◆ Exercise ◆
Below are records with pictures. Transcribe exactly, and only, the lines from the line with "4-Piece Outdoor Sofa" to the line with "Plechové oplocení se", both ends included, but not the pictures.

◆ Records provided ◆
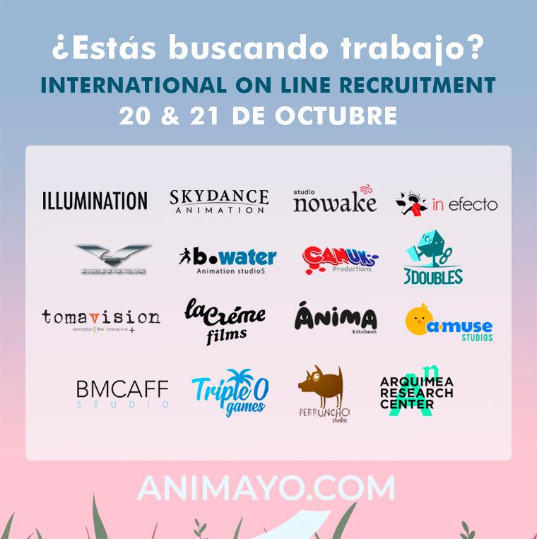 Animayo – Summit, Conferences and International Film Festival of Animation organiza el denominado ‘International On Line Recruitment by Animayo’, unas jornadas que se celebran los días 20 y 21 de octubre y que fomentan la empleabilidad, tanto de nuevos talentos como de profesionales, con ofertas de trabajo internacionales de 18 empresas que demandan más de 60 perfiles profesionales. Se prevén más de 300 reuniones online en esta feria internacional de trabajo sin salir de casa.
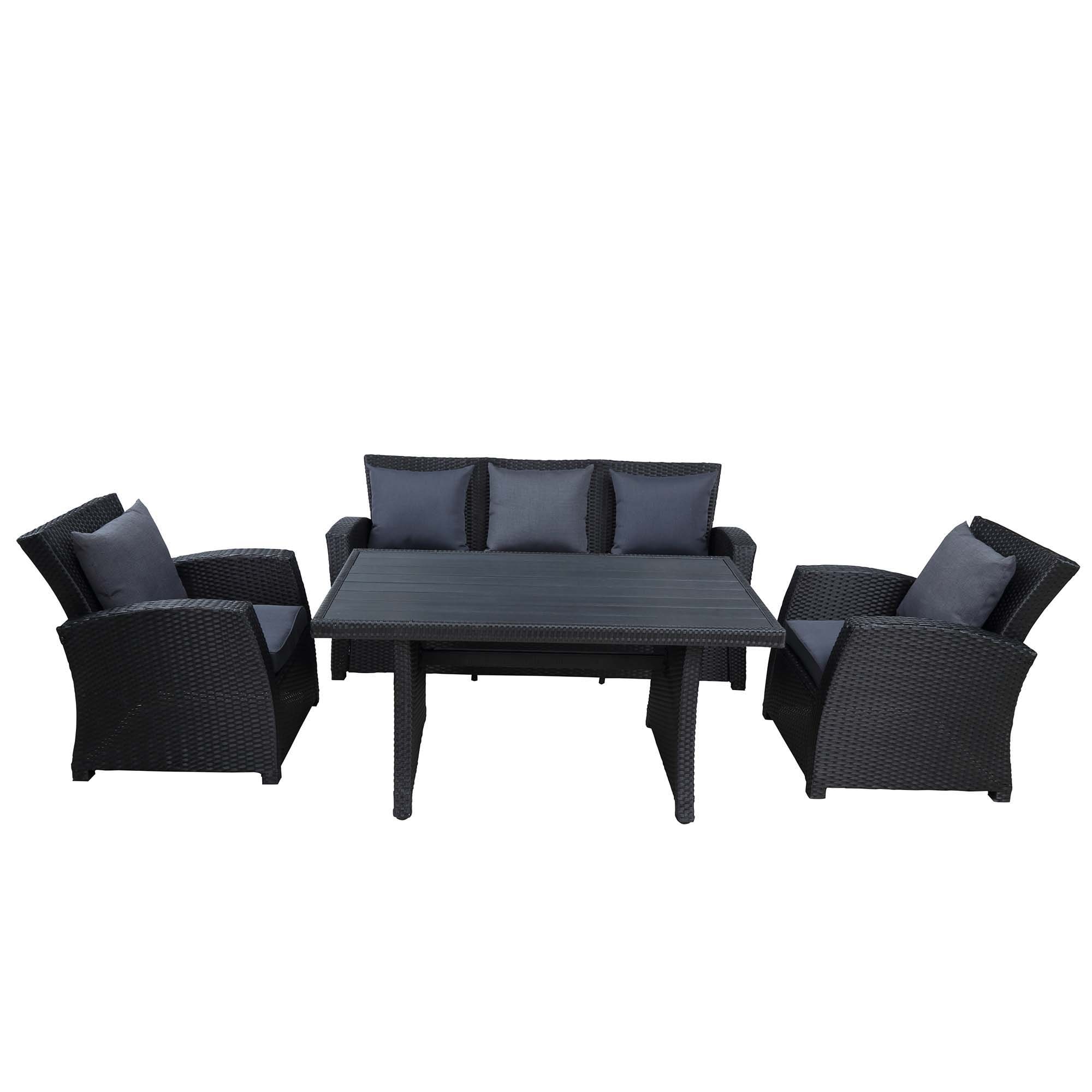 4-Piece Outdoor Sofa Set with Sofa,Chair and Table - Black
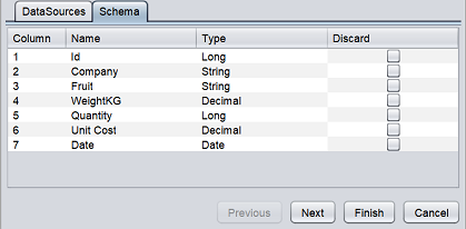 You can choose to discard any fields in the schema by selecting the checkbox under the “Discard” column. Discarding fields reduces he amount of memory needed to process the data.
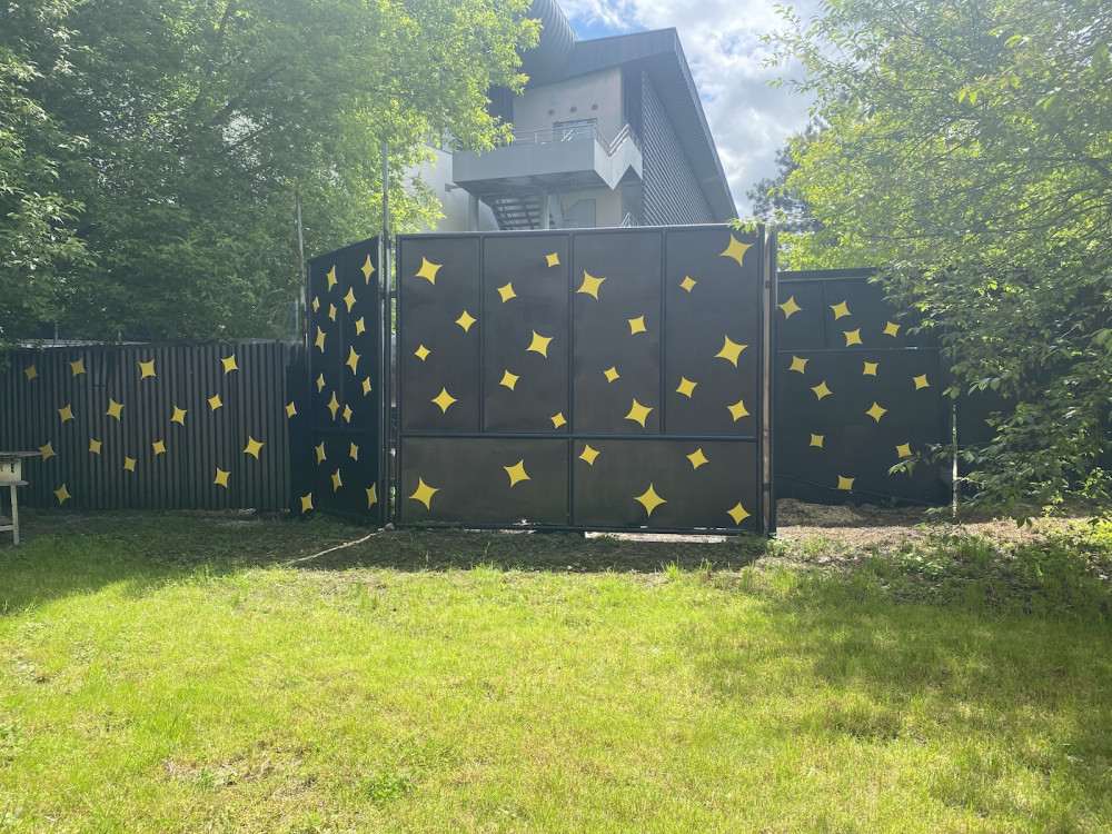 Plechové oplocení se proměnilo na hvězdné nebe.
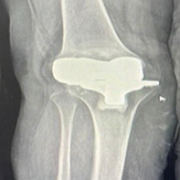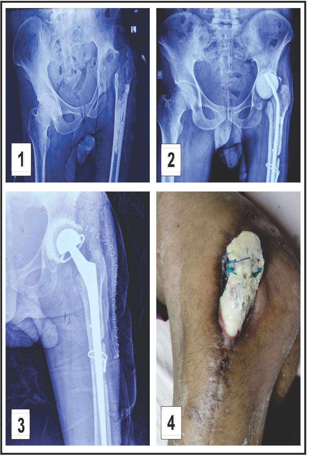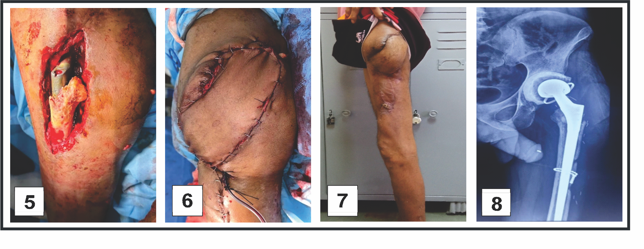 Stage 2 included removal of the antibiotic spacer and implantation of a new prosthesis (Fig. 3). Due to the absence of identifiable abductor musculature intraoperatively, a constrained acetabular cup was utilized. The 1st post-operative week was uneventful. However, by the end of the 2nd post-operative week, the surgical site dehisced with purulent discharge. Subsequently, the entire greater trochanter became exposed and devitalized, with concurrent exposure of the trunnion (Fig. 4). In consultation with a plastic surgeon, the decision was made to proceed with DAIR and flap coverage. All devitalized bone was debrided until healthy bleeding points were observed (Fig. 5). Simultaneously, a musculocutaneous anterolateral thigh flap was raised and inset by the plastic surgery team (Fig. 6). Multiple drains were placed. Postoperatively, the patient received intravenous piperacillin-tazobactam and linezolid for 6 weeks. Culture of intraoperative samples was negative. Sutures were removed on post-operative day 14. The patient was advised to remain on non-weight-bearing mobilization from post-operative day 2. Hip range-of-motion exercises and partial weight-bearing ambulation were initiated during the 3rd post-operative week, progressing to full weight-bearing by the 6th week. At the 3-month follow-up, the flap had healed successfully (Fig. 7). Inflammatory markers at that time were CRP 4.1 mg/L and ESR 28 mm/h. Post-operative radiographs were obtained at 6 weeks, 6 months, and 12 months (Fig. 8). At the most recent follow-up (12 months), the patient was ambulant with walker support and doing well clinically.
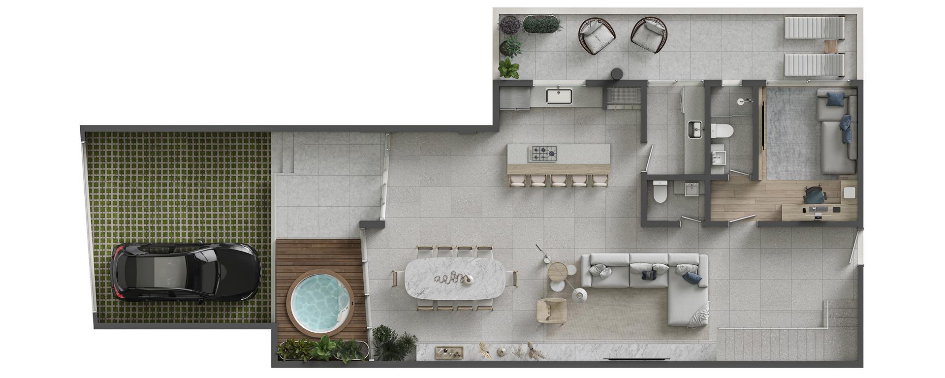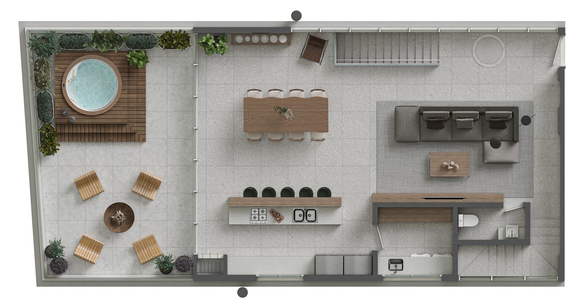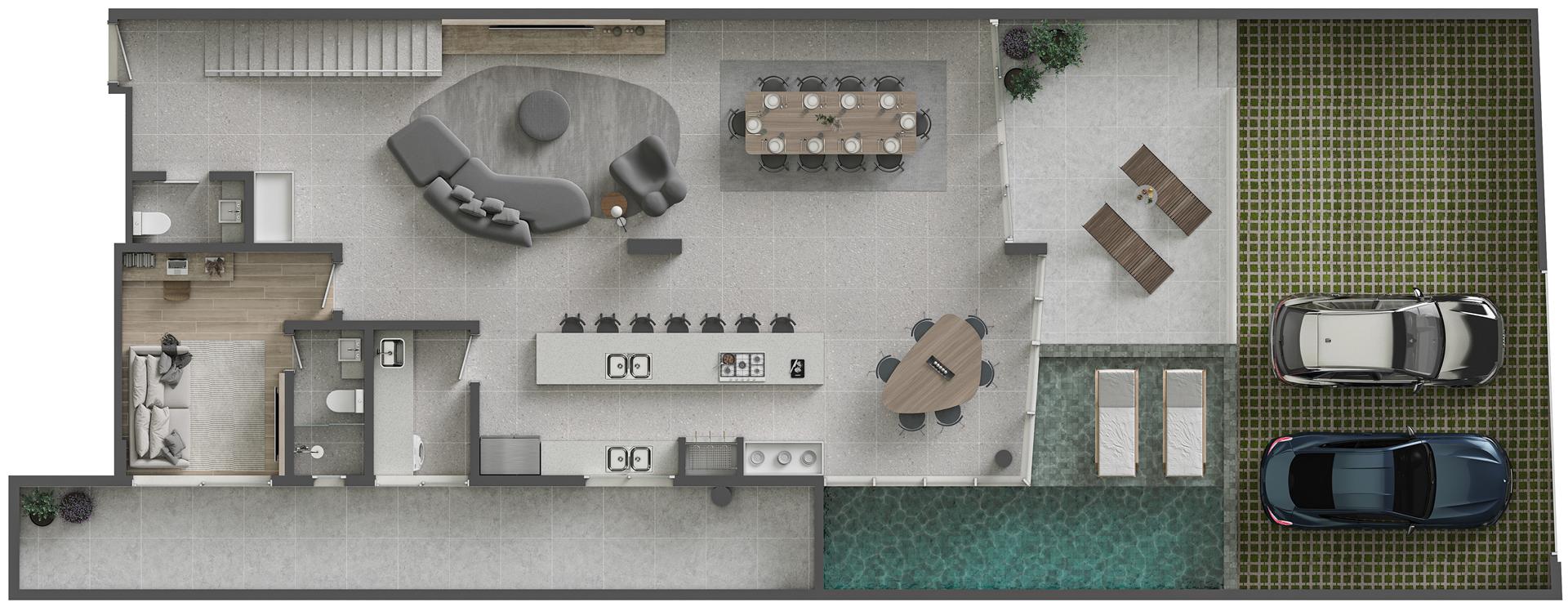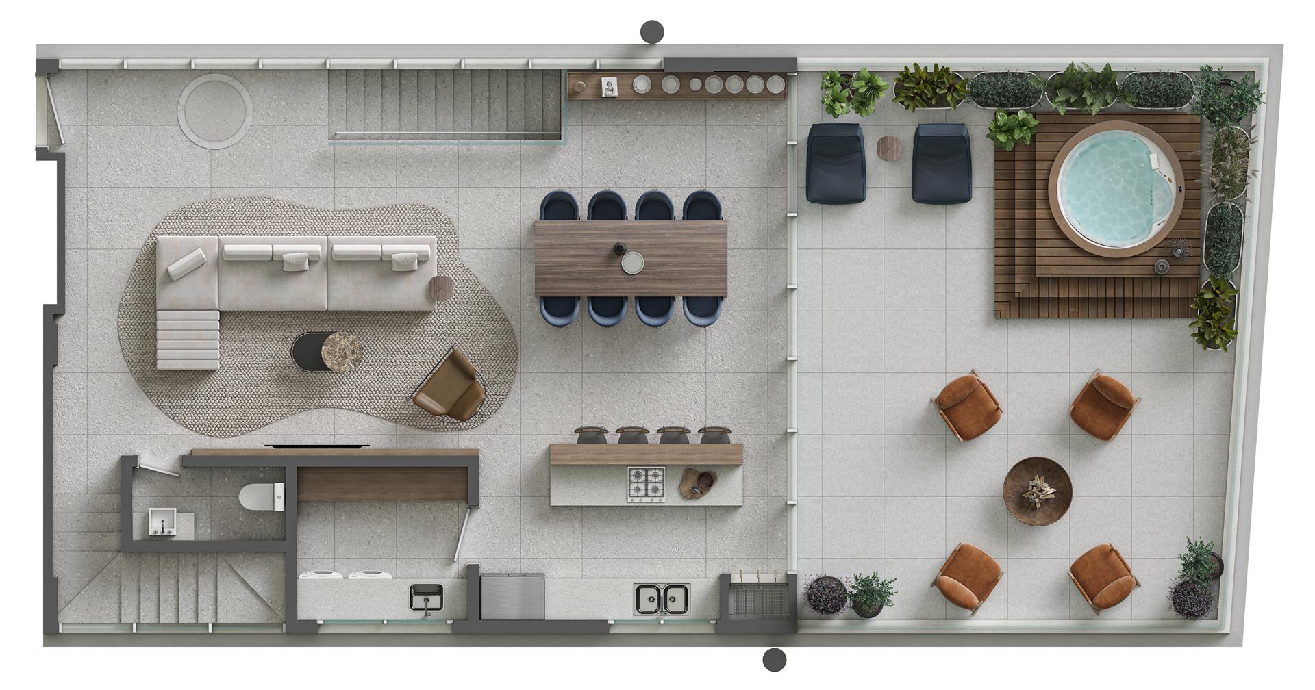 Os apartamentos garden duplex do Sense são verdadeiras casas suspensas frente mar, com metragens de 344 m² e 419 m². As unidades oferecem 4 suítes, amplas varandas, living integrado, piscina privativa aquecida e vista permanente para o mar. São residências exclusivas que combinam amplitude, conforto e sofisticação, com integração total entre os pavimentos e acabamentos de alto padrão.
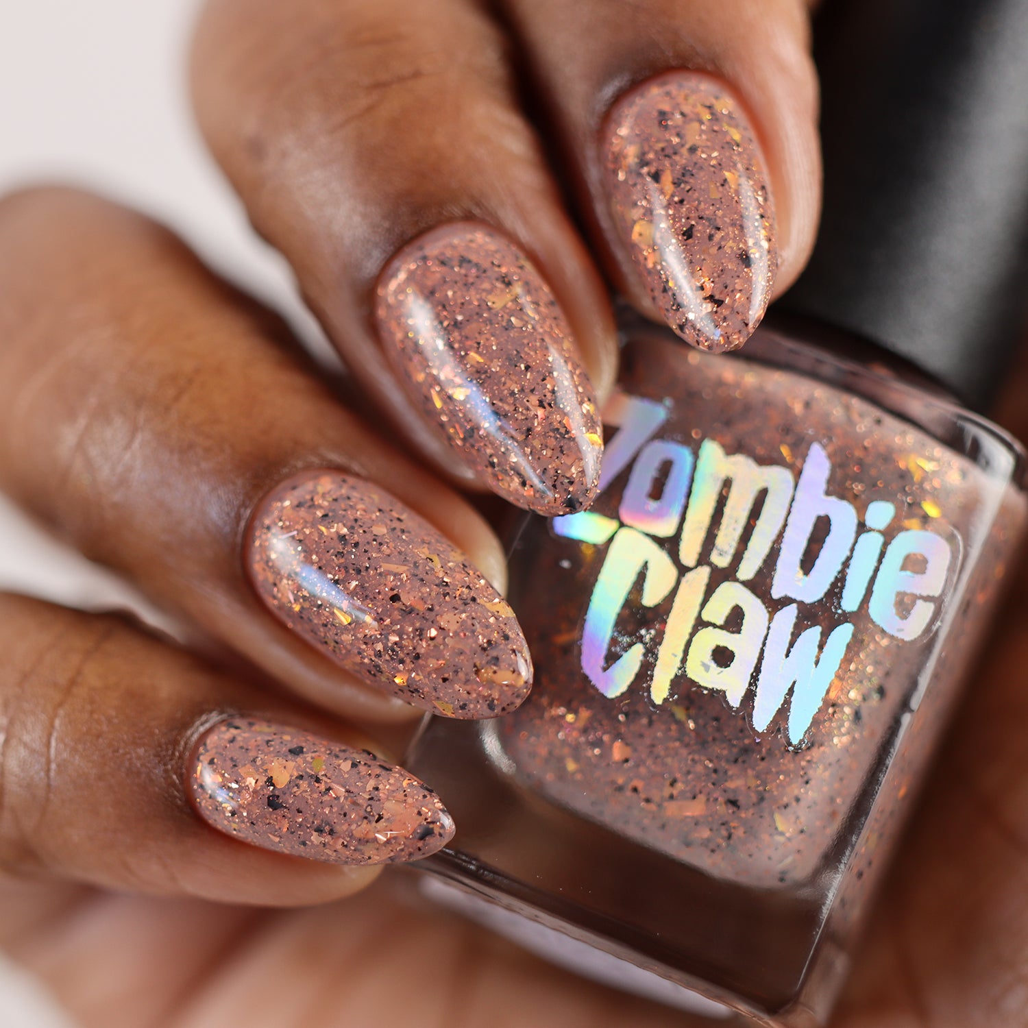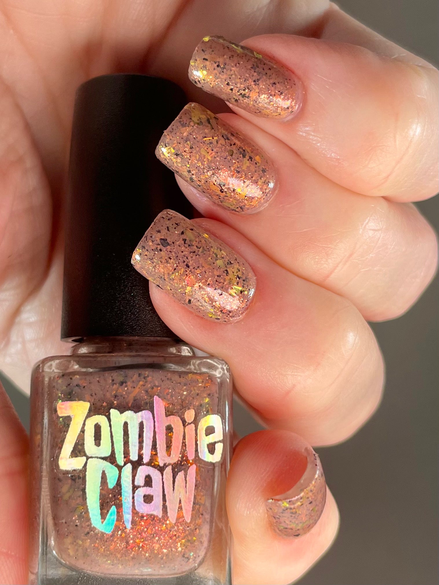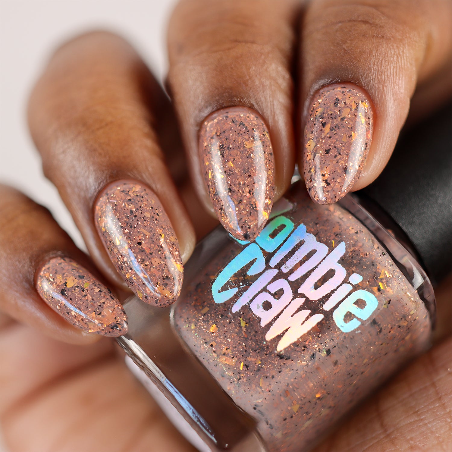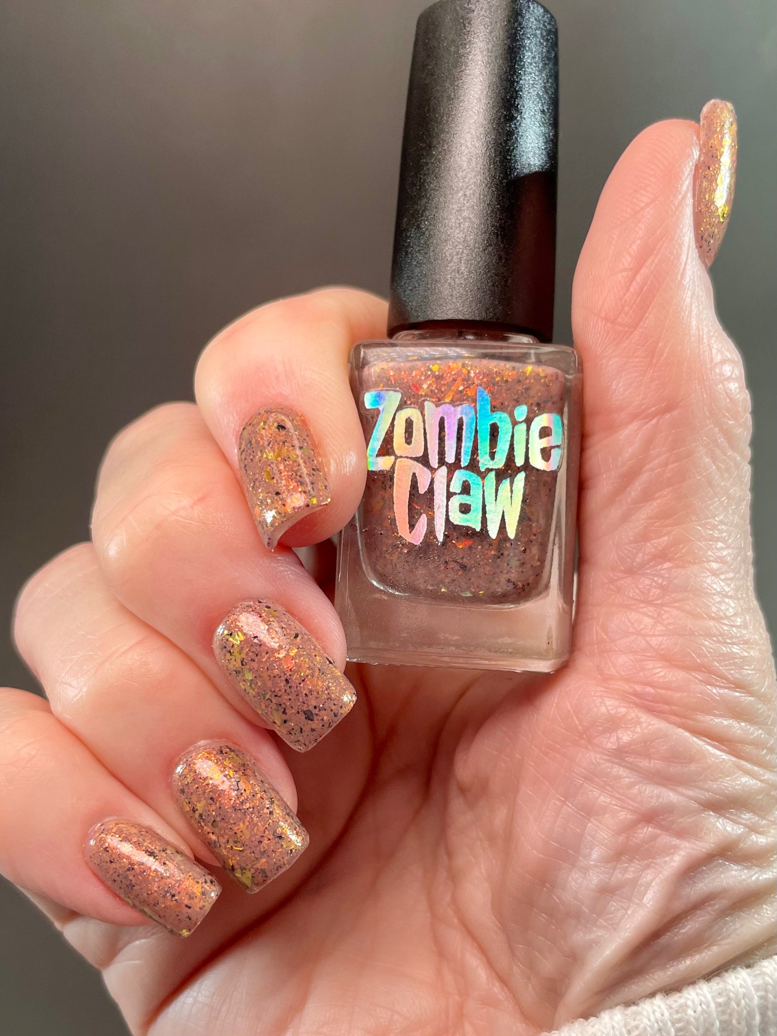 A mocha base with bronze/red/orange/yellow/peach/black flakies and electric gold/red shimmer.

◆ Exercise answer ◆
 4-Piece Outdoor Sofa Set with Sofa,Chair and Table - Black
 You can choose to discard any fields in the schema by selecting the checkbox under the “Discard” column. Discarding fields reduces he amount of memory needed to process the data.
 Plechové oplocení se proměnilo na hvězdné nebe.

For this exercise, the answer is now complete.